For this task, extract exactly the lines of the data below, from the line containing "antico VENTAGLIO SAGOMATO" through the last one, with pictures left out.

*** Opening RECORDS SHOWN ***

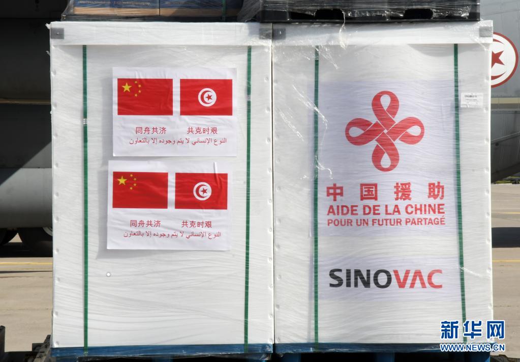 3月25日,在突尼斯迦太基国际机场,装有中国援助新冠疫苗的箱子上写有“同舟共济、共克时艰”的字样。
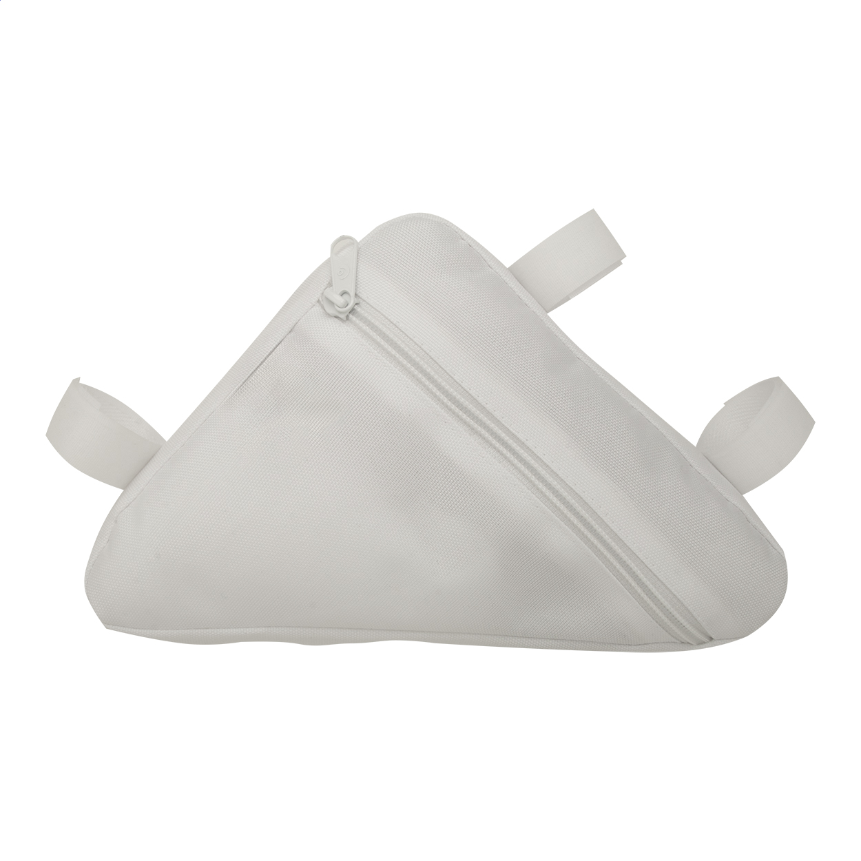 Custom made, zipped bicycle frame bag in 600D RPET polyester with adjustable velcro straps. With all-over sublimation printed graphics and distinctive RPET label. MOQ: 25 pcs.
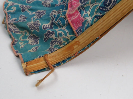 antico VENTAGLIO SAGOMATO IN STOFFA E LEGNO a fiori in stile Liberty anni 40 50
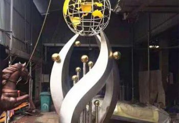 不銹鋼室內(nèi)創(chuàng)意抽象向上地球儀雕塑
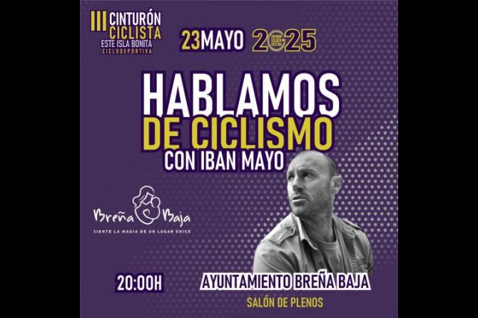 En el programa 2025 del “III Cinturón Ciclista Este Isla Bonita” contara con varias actividades en el municipio de Breña Baja. Entre las misma una charla-coloquio “Hablamos de Ciclismo” con Iban Mayo a las 20 hs en el salón de plenos del Ayuntamiento de Breña Baja.
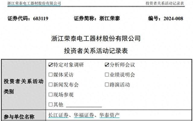 【环球网财经综合报道】9月9日盘后,上市公司浙江荣泰(603119.SH)发布了《投资者关系活动记录表》,披露接待了长江证券、华福证券、华泰资产等3家投资机构代表的调研,公司财务总监、董事会秘书陈弢出席并解答投资代表提问。
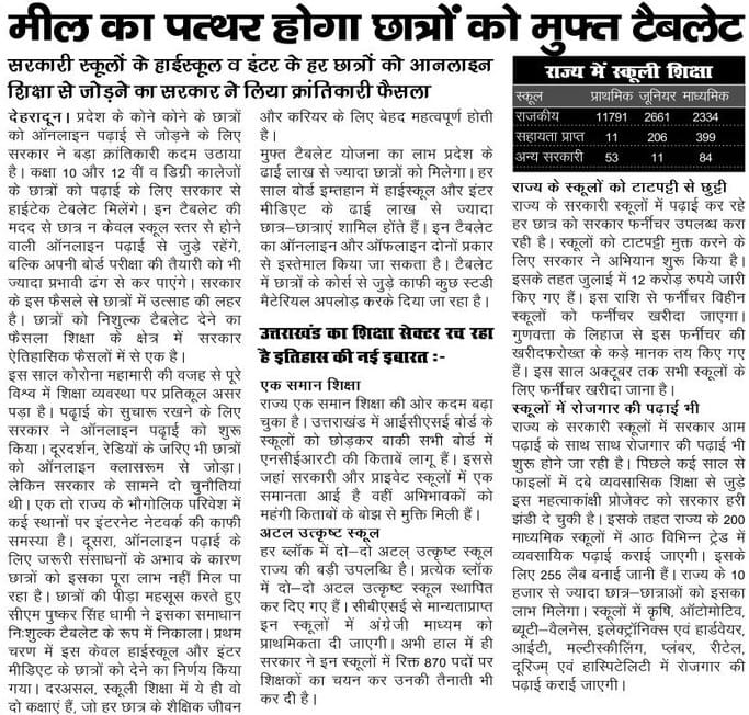 मुख्यमंत्री श्री पुष्कर सिंह धामी ने देहरादून के राजपुर रोड स्थित शासकीय कन्या इंटर कॉलेज की 100 छात्राओं को निःशुल्क टेबलेट वितरित की। शनिवार को प्रदेश की सभी 70 विधानसभाओं में यह कार्यक्रम आयोजित किया गया. सरकारी स्कूलों के 10वीं और 12वीं कक्षा के 1 लाख 59 हजार छात्रों को टैबलेट खरीदने के लिए डीबीटी के जरिए पहले ही फंड ट्रांसफर किया जा चुका है।

*** Closing RECORDS SHOWN ***

WRITTEN REPLY:
 antico VENTAGLIO SAGOMATO IN STOFFA E LEGNO a fiori in stile Liberty anni 40 50
 不銹鋼室內(nèi)創(chuàng)意抽象向上地球儀雕塑
 En el programa 2025 del “III Cinturón Ciclista Este Isla Bonita” contara con varias actividades en el municipio de Breña Baja. Entre las misma una charla-coloquio “Hablamos de Ciclismo” con Iban Mayo a las 20 hs en el salón de plenos del Ayuntamiento de Breña Baja.
 【环球网财经综合报道】9月9日盘后,上市公司浙江荣泰(603119.SH)发布了《投资者关系活动记录表》,披露接待了长江证券、华福证券、华泰资产等3家投资机构代表的调研,公司财务总监、董事会秘书陈弢出席并解答投资代表提问。
 मुख्यमंत्री श्री पुष्कर सिंह धामी ने देहरादून के राजपुर रोड स्थित शासकीय कन्या इंटर कॉलेज की 100 छात्राओं को निःशुल्क टेबलेट वितरित की। शनिवार को प्रदेश की सभी 70 विधानसभाओं में यह कार्यक्रम आयोजित किया गया. सरकारी स्कूलों के 10वीं और 12वीं कक्षा के 1 लाख 59 हजार छात्रों को टैबलेट खरीदने के लिए डीबीटी के जरिए पहले ही फंड ट्रांसफर किया जा चुका है।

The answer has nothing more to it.